The data –
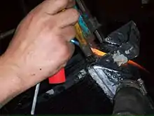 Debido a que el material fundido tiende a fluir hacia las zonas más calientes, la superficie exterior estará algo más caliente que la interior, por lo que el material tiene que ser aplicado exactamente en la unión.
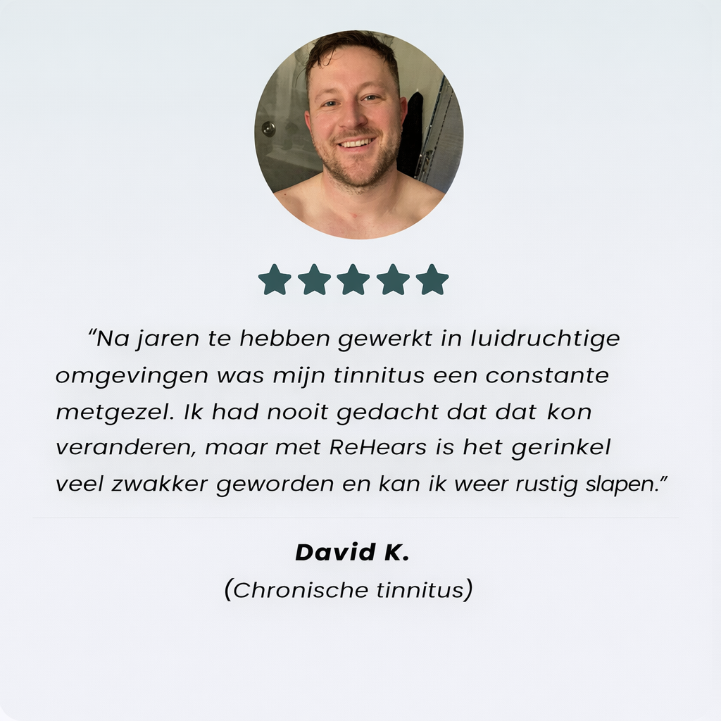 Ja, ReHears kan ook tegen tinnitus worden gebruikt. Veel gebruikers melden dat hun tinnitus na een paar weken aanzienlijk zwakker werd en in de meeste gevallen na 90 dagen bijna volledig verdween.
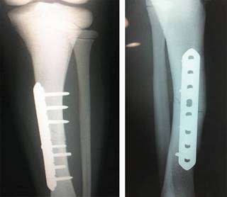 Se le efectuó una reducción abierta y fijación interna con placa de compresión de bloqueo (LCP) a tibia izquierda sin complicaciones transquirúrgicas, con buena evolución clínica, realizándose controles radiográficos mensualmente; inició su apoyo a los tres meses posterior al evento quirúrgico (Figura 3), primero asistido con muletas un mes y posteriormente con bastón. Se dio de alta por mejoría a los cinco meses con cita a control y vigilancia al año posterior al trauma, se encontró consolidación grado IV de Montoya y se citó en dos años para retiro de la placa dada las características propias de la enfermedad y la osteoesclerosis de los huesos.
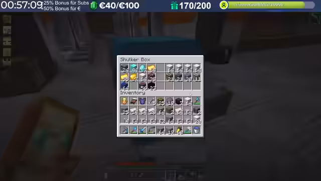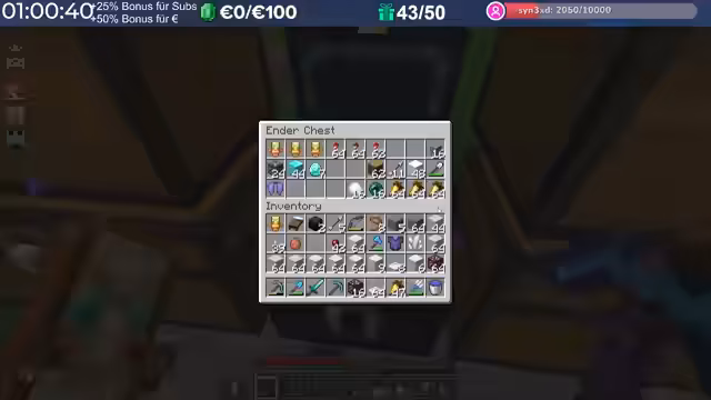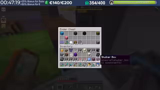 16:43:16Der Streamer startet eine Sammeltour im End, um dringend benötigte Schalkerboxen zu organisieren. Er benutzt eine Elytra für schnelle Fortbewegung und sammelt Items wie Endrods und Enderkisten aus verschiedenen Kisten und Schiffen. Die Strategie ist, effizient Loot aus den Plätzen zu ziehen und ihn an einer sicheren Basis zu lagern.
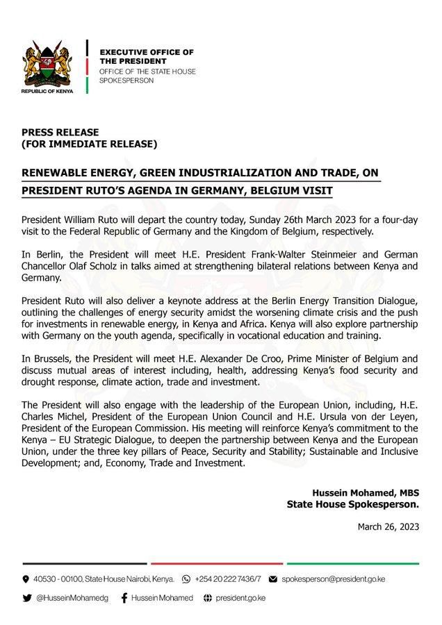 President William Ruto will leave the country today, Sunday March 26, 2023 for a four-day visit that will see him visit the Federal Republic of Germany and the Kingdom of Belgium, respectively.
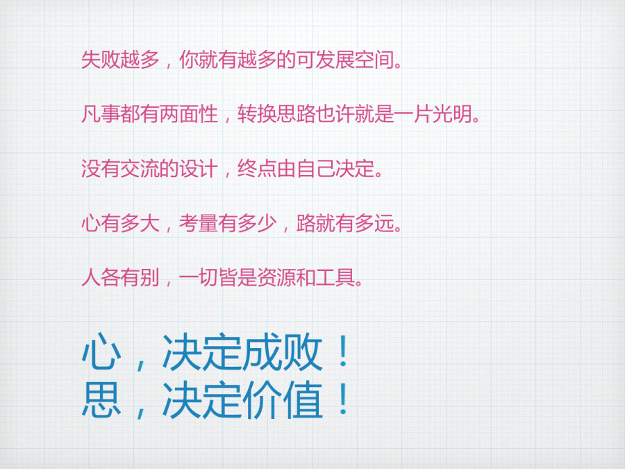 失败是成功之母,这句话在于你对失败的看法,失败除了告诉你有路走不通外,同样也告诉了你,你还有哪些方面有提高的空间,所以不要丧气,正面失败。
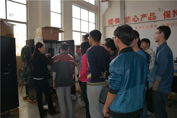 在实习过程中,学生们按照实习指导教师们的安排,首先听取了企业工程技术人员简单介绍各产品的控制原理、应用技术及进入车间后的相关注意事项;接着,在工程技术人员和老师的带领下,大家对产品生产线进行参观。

Work required –
Repeat, exactly and in full, all records above, but include no pictures.

Output for this exercise –
 Debido a que el material fundido tiende a fluir hacia las zonas más calientes, la superficie exterior estará algo más caliente que la interior, por lo que el material tiene que ser aplicado exactamente en la unión.
 Ja, ReHears kan ook tegen tinnitus worden gebruikt. Veel gebruikers melden dat hun tinnitus na een paar weken aanzienlijk zwakker werd en in de meeste gevallen na 90 dagen bijna volledig verdween.
 Se le efectuó una reducción abierta y fijación interna con placa de compresión de bloqueo (LCP) a tibia izquierda sin complicaciones transquirúrgicas, con buena evolución clínica, realizándose controles radiográficos mensualmente; inició su apoyo a los tres meses posterior al evento quirúrgico (Figura 3), primero asistido con muletas un mes y posteriormente con bastón. Se dio de alta por mejoría a los cinco meses con cita a control y vigilancia al año posterior al trauma, se encontró consolidación grado IV de Montoya y se citó en dos años para retiro de la placa dada las características propias de la enfermedad y la osteoesclerosis de los huesos.
 16:43:16Der Streamer startet eine Sammeltour im End, um dringend benötigte Schalkerboxen zu organisieren. Er benutzt eine Elytra für schnelle Fortbewegung und sammelt Items wie Endrods und Enderkisten aus verschiedenen Kisten und Schiffen. Die Strategie ist, effizient Loot aus den Plätzen zu ziehen und ihn an einer sicheren Basis zu lagern.
 President William Ruto will leave the country today, Sunday March 26, 2023 for a four-day visit that will see him visit the Federal Republic of Germany and the Kingdom of Belgium, respectively.
 失败是成功之母,这句话在于你对失败的看法,失败除了告诉你有路走不通外,同样也告诉了你,你还有哪些方面有提高的空间,所以不要丧气,正面失败。
 在实习过程中,学生们按照实习指导教师们的安排,首先听取了企业工程技术人员简单介绍各产品的控制原理、应用技术及进入车间后的相关注意事项;接着,在工程技术人员和老师的带领下,大家对产品生产线进行参观。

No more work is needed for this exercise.